Accounting & Audit
AICPA Issues New Definition of the Concept of Materiality
The purpose is to align the materiality concepts discussed in AICPA Professional Standards with the description of materiality used by the U.S. judicial system, the auditing standards of the Public Company Accounting Oversight Board...
Dec. 05, 2019
The American Institute of CPAs (AICPA) Auditing Standards Board (ASB) has issued Statement on Auditing Standards No. 138, Amendments to the Description of the Concept of Materiality, and Statement on Standards for Attestation Engagements No. 20 of the same title to amend various AU-C and AT-C sections in AICPA Professional Standards.
“These standards impact the CPA’s reports because the new reports include a description of when misstatements are considered material,” said Bob Dohrer, CPA, CGMA, AICPA Chief Auditor. “These standards make the description of materiality consistent across the United States. The changes are not expected to significantly affect practice here.”
The ASB’s current description of the concept of materiality is consistent with the definition used by the International Accounting Standards Board and the International Auditing and Assurance Standards Board. These pronouncements align the materiality concepts discussed in AICPA Professional Standards with the description of materiality used by the U.S. judicial system, the auditing standards of the Public Company Accounting Oversight Board (PCAOB), the U.S. Securities and Exchange Commission, and the Financial Accounting Standards Board (FASB).
The ASB believes it’s in the public interest to eliminate inconsistencies between the AICPA Professional Standards and the description of materiality used by the U.S. judicial system and other U.S. standard setters and regulators.

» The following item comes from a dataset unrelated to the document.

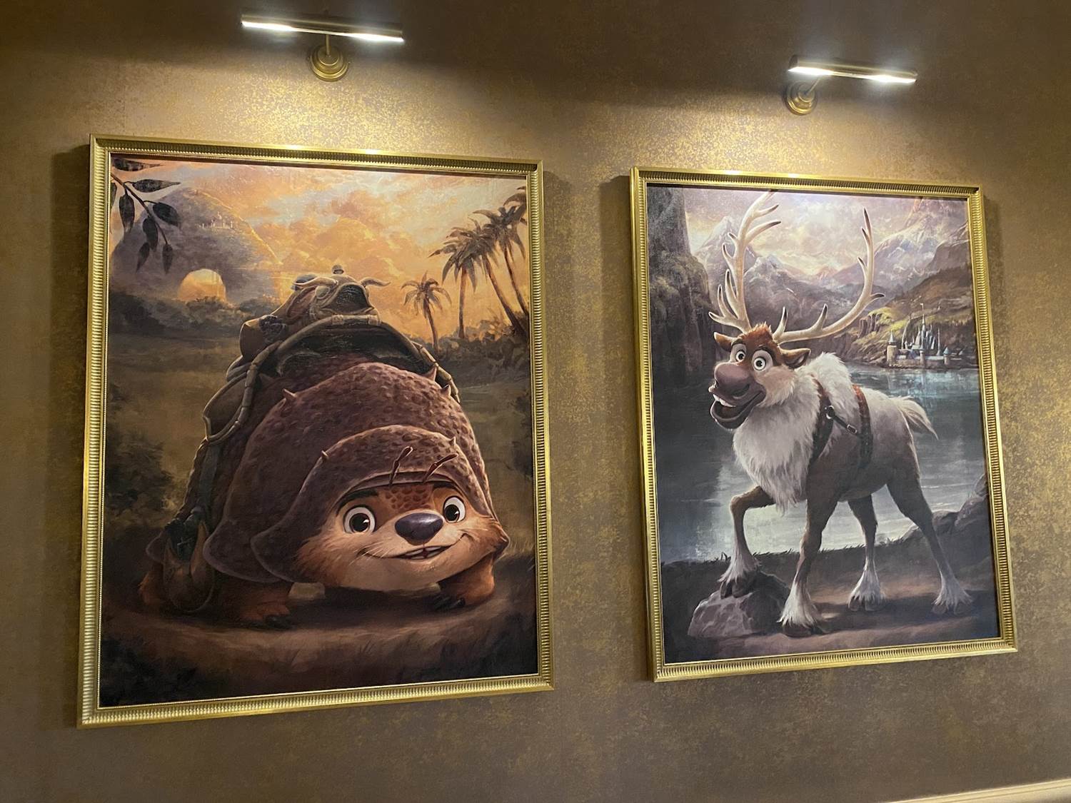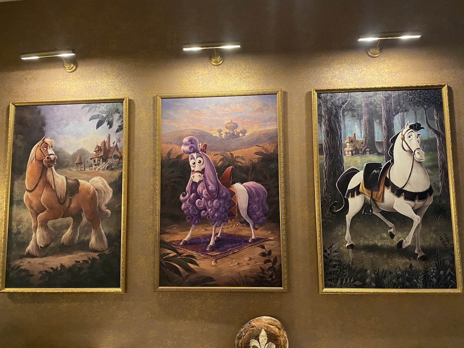 To best serve the culinary experience, Walt Disney Imagineering Paris and Walt Disney Animation Studios worked hand in hand to select and represent a wide array of characters, with each piece of artwork created exclusively for the restaurant.

Because the revised definition is aligned with the FASB, it is substantially consistent with current U.S. firm practices with respect to determining and applying materiality in an audit or attest engagement. Accordingly, U.S. practice is neither expected nor intended to change.
The revised description of materiality is as follows:
Misstatements, including omissions, are material if there is a substantial likelihood that, individually or in the aggregate, they would influence the judgment made by a reasonable user based on the financial statements.
The SAS and SSAE become effective for periods ending, or for practitioners’ examination or review reports dated, on or after December 15, 2020, respectively.